Information in this document is applicable to AIX Versions 4.x.
For more in-depth coverage of this subject, the following IBM publications
are recommended:
- AIX Version 4.3 System Management Guide: Operating System and Devices (SC23-2525)
- AIX Version 4.3 Commands Reference (reference for fsck), Volume 1
The AIX and RS/6000 product documentation library is also available:
http://www.rs6000.ibm.com/resource/
In order to troubleshoot filesystem-related problems more effectively,
several enhancements have been made to the base AIX operating system through
the following APARs.
AIX RELEASE |
APAR |
4.1.5 |
IX83878 |
4.2.1 |
IX82819 and IX84402 |
4.3.2 |
IX86362 |
The enhancements are evident in three areas.
First, there is a new error code, ECORRUPT (return code 89). This value
is returned to an application from a filesystem system call when non-fatal
(for example, directory) filesystem corruption is detected.

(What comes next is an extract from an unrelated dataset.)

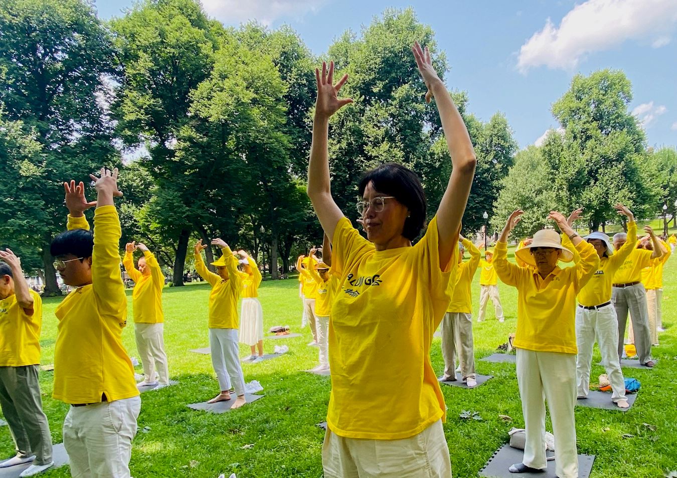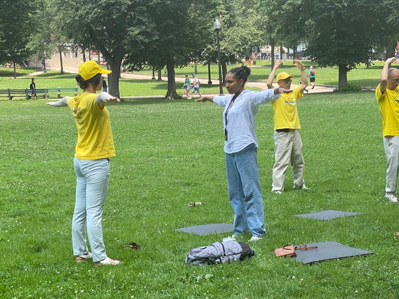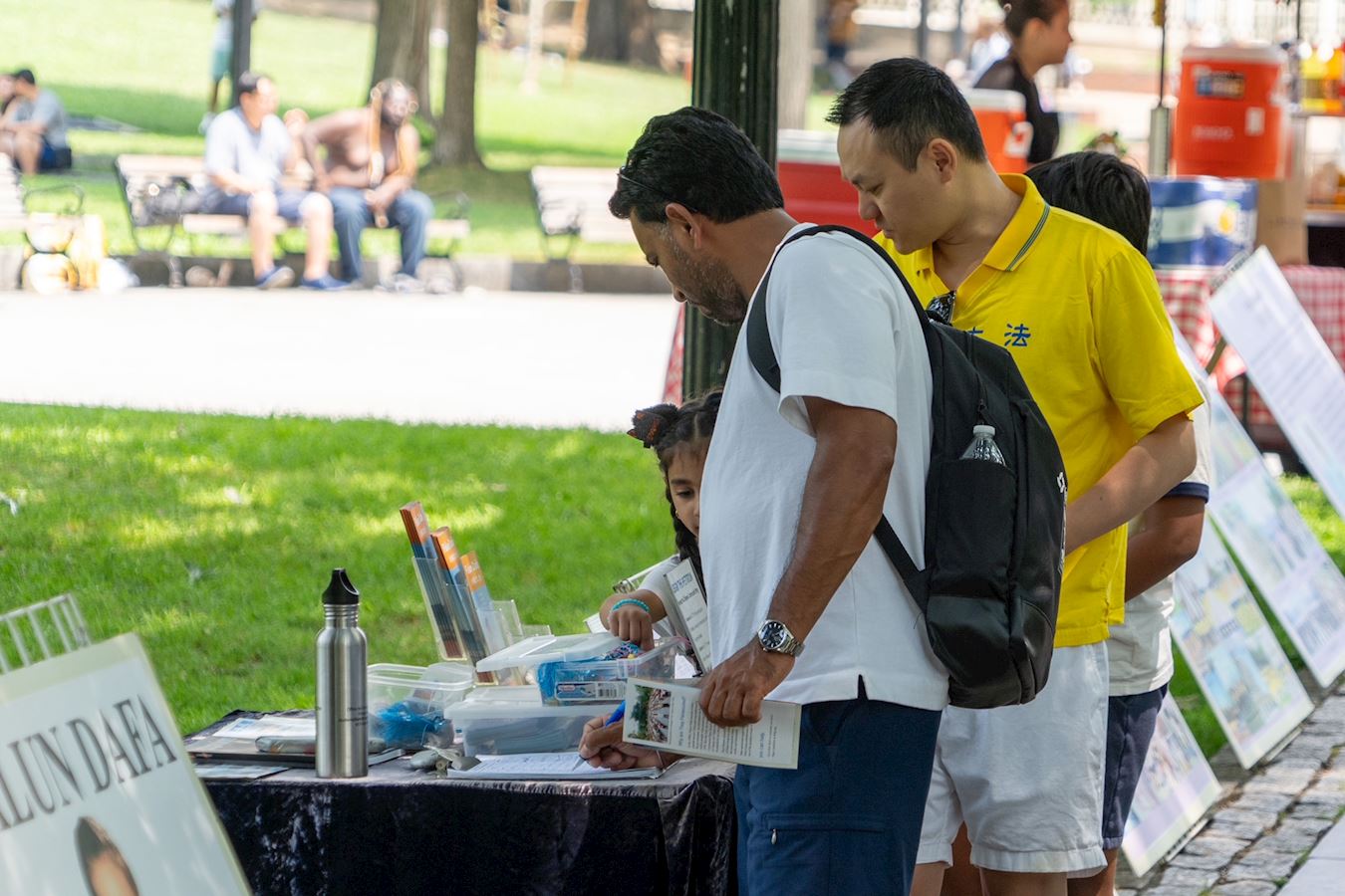 家住东波士顿的泰德(Teddy M.)得知中共对法轮功学员的迫害后,又询问活摘器官的证据,领取了真相资料离去。不一会转回来想学法轮功,他说,“法轮功法很棒!我感到能量在体内流动,太奇妙了!”他表示将到附近的炼功点继续学习。

Second, new filesystem error log entries have been added. There are
two classes of new entries.
- Informational: These do not of themselves constitute an error condition.
They are meant to alert the administrator to possible problems; they may
require attention to prevent a problem from occurring.
- Diagnostic: These indicate that a problem has occurred. They are intended to
pinpoint the resource on which a problem has occurred and what kind of problem
has occurred. A service representative may need to be contacted to pursue
these when they occur.
In the case of the ECORRUPT return code, examine the system error log
to gather more information about what may have caused the corruption--such
as a hardware problem or, possibly, downlevel microcode or drivers for
the underlying storage subsystem. Unmount the source filesystem involved with this
return code, and run fsck against it to try to resolve
corruption problems.
In AIX 4.1.5 and 4.3.2, the message returned by perror() for ECORRUPT
is Reserved errno was encountered.
In AIX 4.2.1 and all future releases beyond AIX 4.3.2, the message
returned by perror() for ECORRUPT is Invalid filesystem control data
detected.
Third, the system dump facility has been enhanced to include extensive
filesystem dump information only when a filesystem-related crash has
been detected. In the case of a filesystem-related dump, more information
will be present in the dump to help diagnose the cause. If the crash
is not filesystem related, the amount of filesystem-related information
present in the dump will be reduced. This will generally result in smaller
dumps.
When you receive one of the new error log entries in your
error report, refer to the following list for an explanation
of each new error type and possible actions to take.
Error Description: SPECFS_DDINTPRI |
Error ID: AE26DD07 |
This error is logged when a call to a device driver returns with system
interrupts disabled. A system crash will accompany this. The owner of the
device driver should investigate the cause.
Error Description: JFS_USER_HARDLINK |
Error ID: 5ECE4A58 |
This error is logged when a hard link is created to or removed from a directory.
This error is intended as a warning since such operations can result in
filesystem corruption or strange filesystem behavior.
Only an entity with superuser privileges can perform these kinds of hard links.
Error Description: JFS_USER_WRITEMOUNT |
Error ID: D73189F6 |
This error is logged when a process writes directly to a logical volume
while a filesystem on that logical volume is mounted.
Unmount the filesystem and run fsck to ensure filesystem
integrity. fsck can also be run with the -d option specifying a block
(as indicated from the full error entry) to determine what file, if any, may
have been affected.
Error Description: JFS_FS_FULL |
Error ID: 369D049B |
This error is logged when no free space exists within a filesystem. This
error is logged only once per filesystem mount.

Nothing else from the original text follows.